Impoverished Tajikistan said Sunday it had stopped receiving electricity from energy-rich Turkmenistan due to problems with transit country Uzbekistan, deepening a winter energy crisis.
Supplies from Turkmenistan across a sliver of Uzbek territory had been stopped because "Tajikistan still hasn't signed a new contract for transit" with Uzbekistan, a spokesman for state-run Tajik Electricity told AFP.
Talks were still under way with Uzbekistan on securing an electricity transit agreement for 2009, the spokesman said.
The news meant extra hardship for residents in the mid-winter cold period.
Villages in this mountainous Central Asian state, the poorest country in the former Soviet Union, receive just six hours of electricity a day on average.
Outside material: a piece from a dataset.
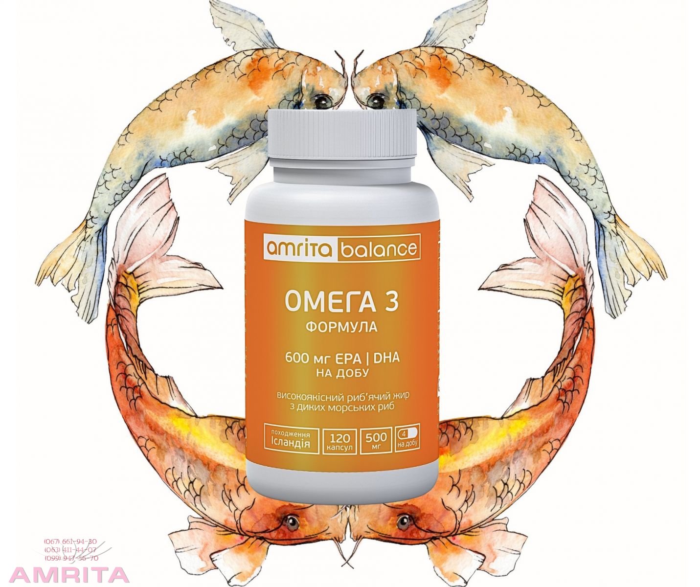 Применение продукта «Омега 3 формула» способствует уменьшению риска сердечно-сосудистых заболеваний: атеросклероз, ишемическая болезнь сердца, артериальная гипертензия, инсульт, инфаркт миокарда и др.Благодаря кооперации передовых ученных и лучших производителей, ГК Амрита, в 2021 году начинает поставки на рынки Украины и Европы, не имеющий аналогов продукт : Комплекс Омега-3. Состав на 1 порцию (3 капсулы): концентрированный рыбий жир – 1500 мг, Total Omega (общее количество Омега 3) – 864 мг, EPADHA (общее количество на порцию) – 728 мг, EPA эйкозапентаеновая кислота – 435 мг, DHA доксозагексаеновая кислота – 293 мг. Не содержит: лактозу, глютен, сою, ГМО, тяжелые металлы и свинец.

Tajik authorities have had a deal to receive 1.2 billion kilowatt hours of electricity annually from Turkmenistan starting in the autumn of 2007.
The latest problems came after Uzbekistan last month cut by half the gas it provides to Tajikistan, the most impoverished state in the former Soviet Union, due to a 10-million dollar debt.
That debt is still not settled and the Uzbek gas deliveries are still at half their normal level. Currently a central route for the illegal drug trade from Afghanistan, Tajikistan plans to develop the hydropower potential of its mountain streams and rivers. Eventually, it wants to become a net export of power to surrounding states including Afghanistan.